The defendant made all reasonable efforts in good faith to have the third member of the committee appointed without result. In September, 1905, he retained an attorney, who communicated with Hinckley, urging him to join in making the appointment. The effort failed. On January 3, 1905, the bank declared a dividend, and sent to the defendant a check for the amount thereof due on 40 shares. The defendant promptly returned the check, declaring that he was not a stockholder. Other dividends were declared to the defendant by the bank on July 1, 1905, and January 1 and July 1, 1906. None of these three dividends were sent to or received by the defendant. On the bank’s stock ledger the defendant was credited throughout with 40 shares. The bank never refused the defendant or withheld from him any of the rights and privileges of a stockholder; but the defendant never used or asserted any of these rights or privileges after September 5, 1904. The stock certificates were in the defendant’s possession at the time of trial.

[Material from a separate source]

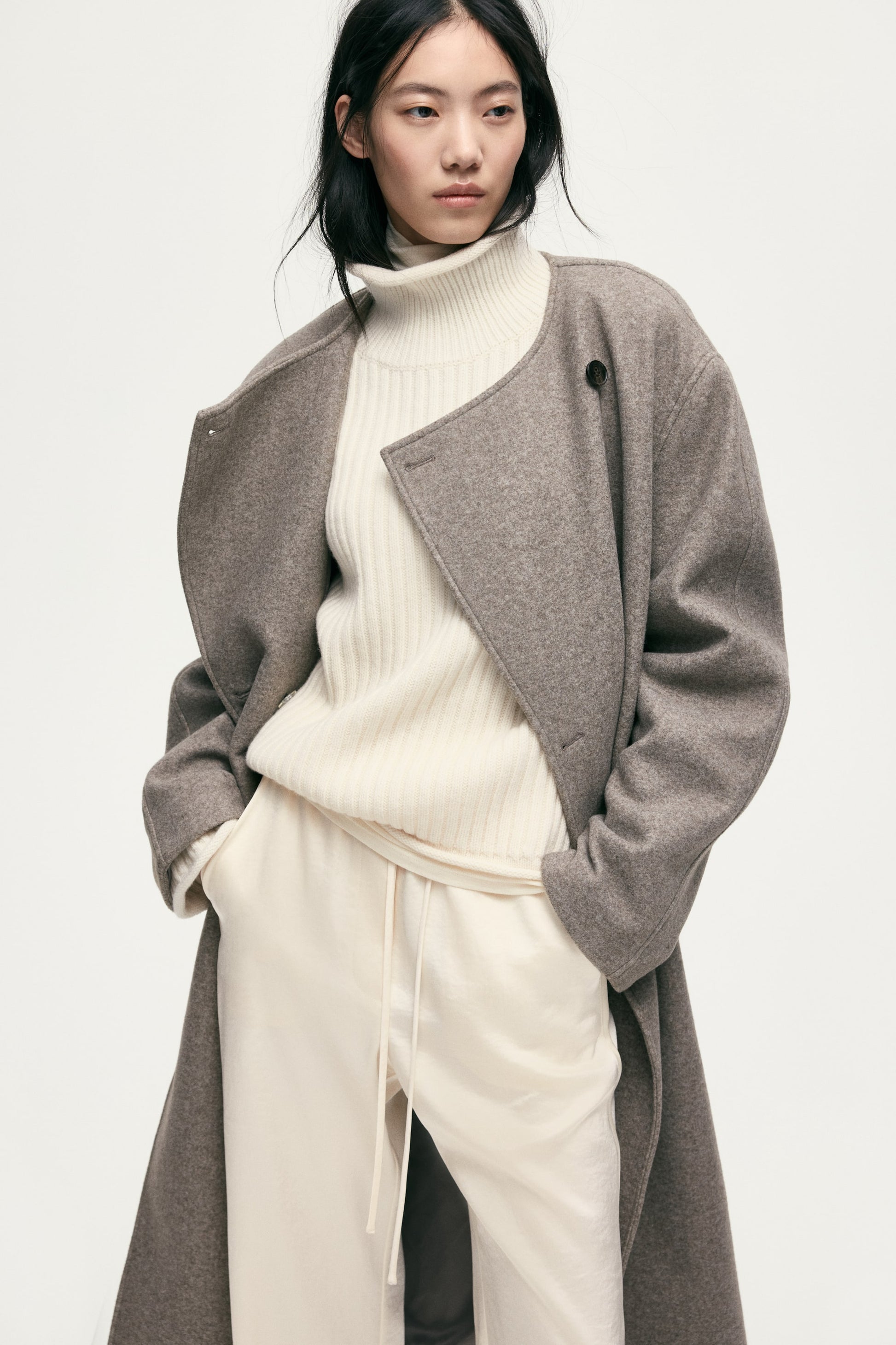 Trousers in softly draping satin featuring a wide, elasticated waistband with a narrow drawstring. Fake fly, diagonal side pockets and flared legs with tone-on-tone binding along the sides.

The plaintiff was duly appointed receiver of the bank on August 16, 1906. The Comptroller of the Currency duly ordered an as*832sessment of 100 per cent., which the receiver seeks to collect from the defendant in this action.

By the terms of the statute, the defendant ceased to be a stockholder of the bank on giving his notice of withdrawal September 5, 1904. The purpose of the statute is to permit any stockholder under the circumstances stated to withdraw at once from the bank and so to terminate his liability. Congress did not intend that this liability should continue throughout the time taken to appraise the value of the defendant’s shares. The defendant ceased to be a stockholder upon his giving the required notice.

But a person who is not a stockholder may yet be liable as a stockholder to' the creditors of a corporation, if he has placed his name upon the books of the corporation as a stockholder, or, in some cases, if he has permitted his name to remain upon its books after he has ceased to be a stockholder. In such case the stockholder is held liable by estoppel. Nat. Bank v. Case, 99 U. S. 628, 25 L. Ed. 448. The creditors are deemed to rely upon the statements contained in the corporation’s books. In the case at bar, a necessary element of the estop-pel is wholly wanting. The defendant did not place or cause to be placed his name upon the stock ledger after he had ceased to be a stockholder. He did not permit it to remain upon that book, and its retention was caused solely by a failure of duty on the part of the bank and its officers. Whitney v. Butler, 118 U. S. 655, 7 Sup. Ct. 61, 30 L. Ed. 266; Earle v. Carson, 188 U. S. 42, 23 Sup. Ct. 254, 47 L. Ed. 373. Under the circumstances, an offer to surrender the certificates would have been a vain formality. Even if it be admitted that the ingenuity of the plaintiff’s counsel has now suggested some attempt at removal which the defendant omitted to make, and which might possibly have resulted in success, yet this suggestion falls far short of the evidence required to make out the defendant’s estoppel. The defendant was not a stockholder in the bank at the time the receivership was instituted, nor was he at that time estopped from denying that he was a stockholder.

In Apsey v. Whittemore, 85 N. E. 91, where the facts were exactly similar, the Supreme Judicial Court of Massachusetts reached our result by a course of reasoning which may be somewhat different from ours, but is in no way inconsistent.

The judgment of the Circuit Court is reversed, the verdict is set aside, the case is remanded to that court for further proceedings consistent with.our opinion passed down this day, and the plaintiff in error recovers his costs of appeal.